■ TASK ITEM ■
Nothing but the lines from the one containing "国語科では、「やまなし」を読" to the final line of the entries should appear, copied exactly and without pictures.

■ DATA EXTRACTS ■
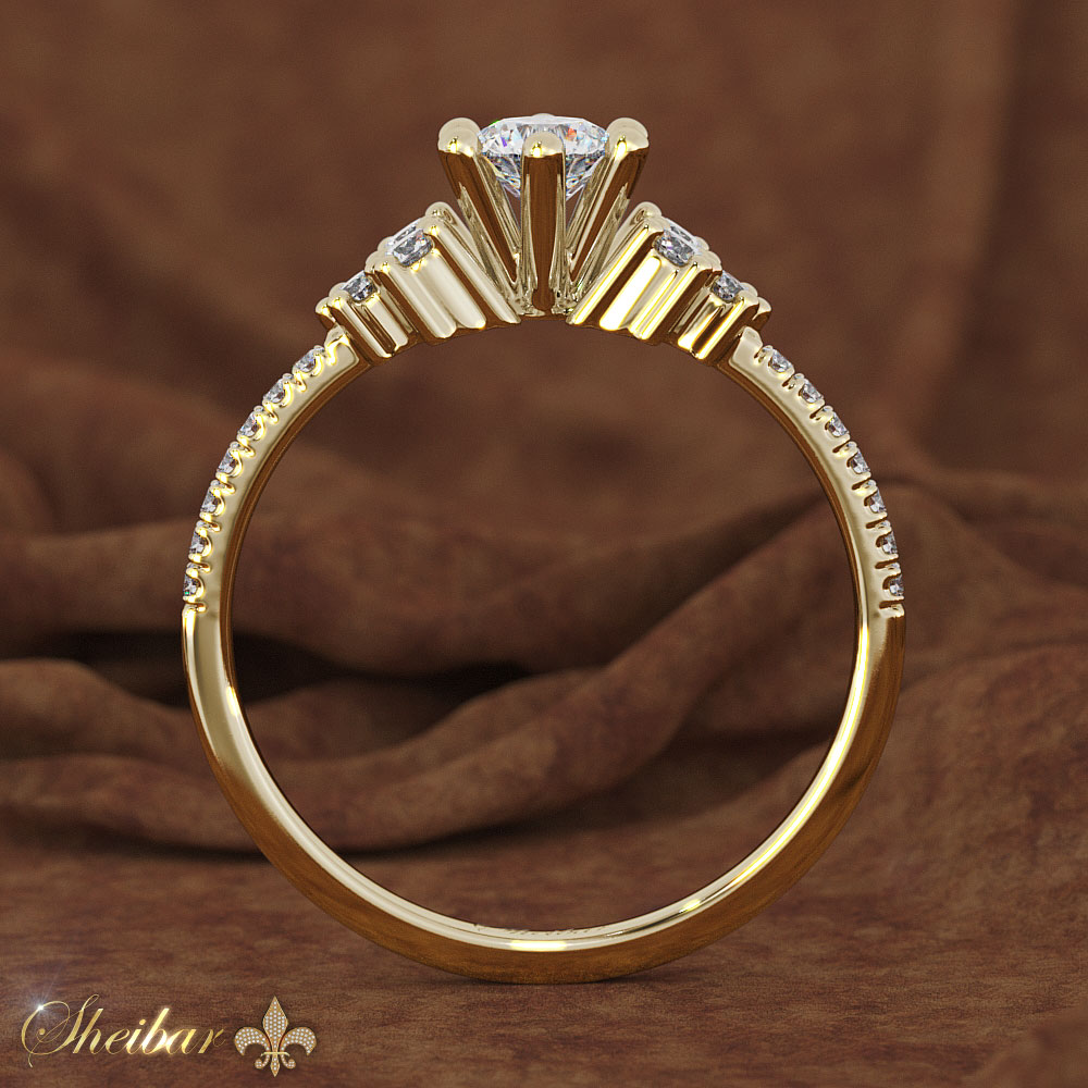 טבעות יהלומים, טבעת אירוסין "דמיאן" טבעת קלסית בעיצוב מיוחד. טבעת עדינה ומיוחדת אשר עשוייה מפס עדין של זהב סימטרי. הטבעת משובצת כולה ביהלומים טבעיים מדהימים ונקיים. כאשר מגיעים לראש הטבעת ניתן לראות כ-3 יהלומים קטנים משני צידי הטבעת אשר יוצרים עיצוב "וינטג’ " מיוחד במינו. בין ששת היהלומים הללו ניתן לראות את היהלום המרכזי והמרשים המובלט באמצעות היהלומים הקטנים. היהלום המרכזי יושב בצורת כתר מרשים ויפה. טבעת בעיצוב מיוחד במינו ועדינה להפליא, בנוסף בעלת נוכחות נוצצת....!
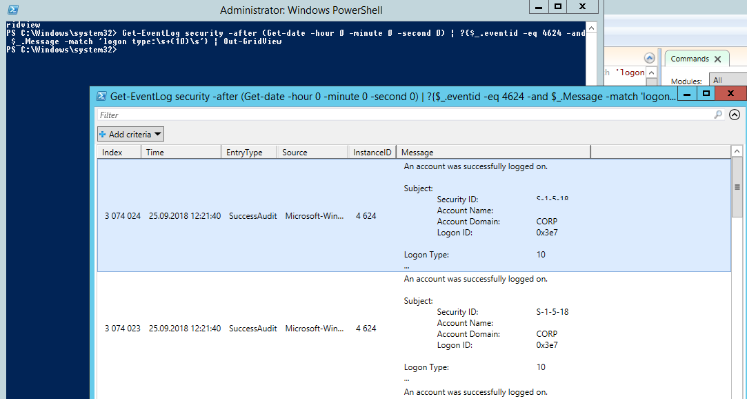 Собрать хэш-таблицу с несколькими значениями важности одной командой так просто не получится. Если мы хотим получить ошибки и предупреждения из системного журнала, можно воспользоваться дополнительной фильтрацией при помощи Where-Object:. Ошибки и предупреждения журнала System
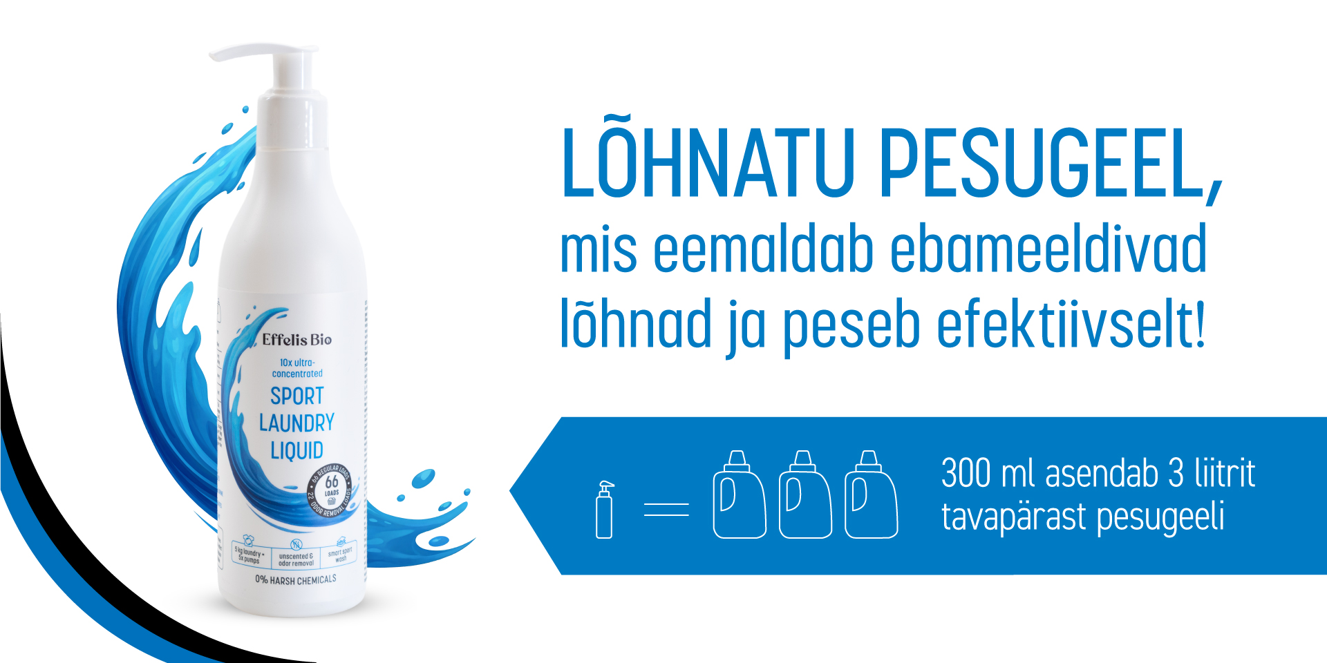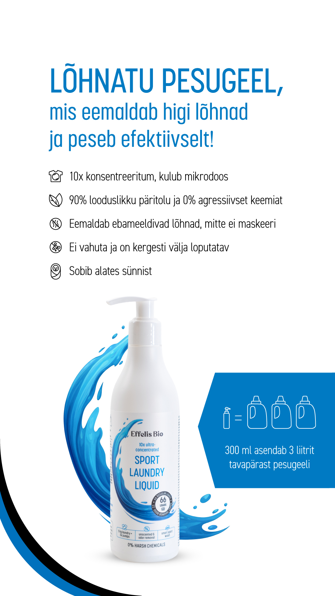 - Lõhnatu spordiriiete tavapesu pesugeel, millega on võimalik teostada tavaannusest 3x kõrgema doseeringuga ebameeldivate lõhnade (mustus, niiskus, higi, uriin) lõhnaeemaldus pesu. Eestis välja töötatud spetsiaalne ja ainulaadne pesugeeli retsept, mis on muuhulgas võimeline eemaldama orgaanilisi lõhnu molekulaarsel tasandil, vajaduseta neid maskeerimata teiste aroomidega.
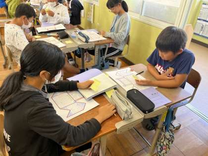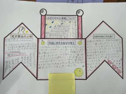 国語科では、「やまなし」を読んで作品や宮沢賢治に対して感じたことや考えたことをまとめた「かにカード」を使って交流しました。ペアになって、友達の考えに対して自分はどう思うのかふせんに書き、伝えながら渡しました。まとめ方もそれぞれで、楽しみながら交流することができました。
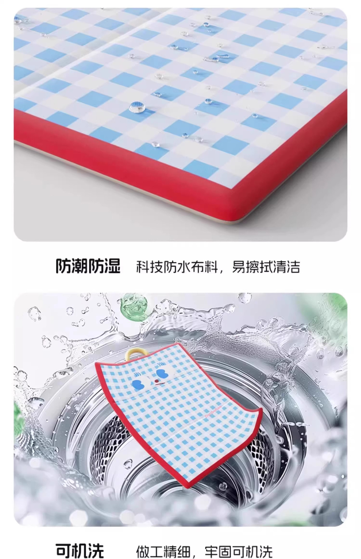 Розовый с синим краем — водонепроницаемый и влагостойкий [полностью машинная стирка]; Синяя сетка с красной кромкой — водонепроницаемая и влагостойкая [можно стирать в машине]; Волно-точечный матча [двусторонний, складной для хранения] можно стирать в машине; Полосатый латте [Двусторонний, складной и удобный для хранения] Можно стирать в машине

■ TASK SOLUTION ■
 国語科では、「やまなし」を読んで作品や宮沢賢治に対して感じたことや考えたことをまとめた「かにカード」を使って交流しました。ペアになって、友達の考えに対して自分はどう思うのかふせんに書き、伝えながら渡しました。まとめ方もそれぞれで、楽しみながら交流することができました。
 Розовый с синим краем — водонепроницаемый и влагостойкий [полностью машинная стирка]; Синяя сетка с красной кромкой — водонепроницаемая и влагостойкая [можно стирать в машине]; Волно-точечный матча [двусторонний, складной для хранения] можно стирать в машине; Полосатый латте [Двусторонний, складной и удобный для хранения] Можно стирать в машине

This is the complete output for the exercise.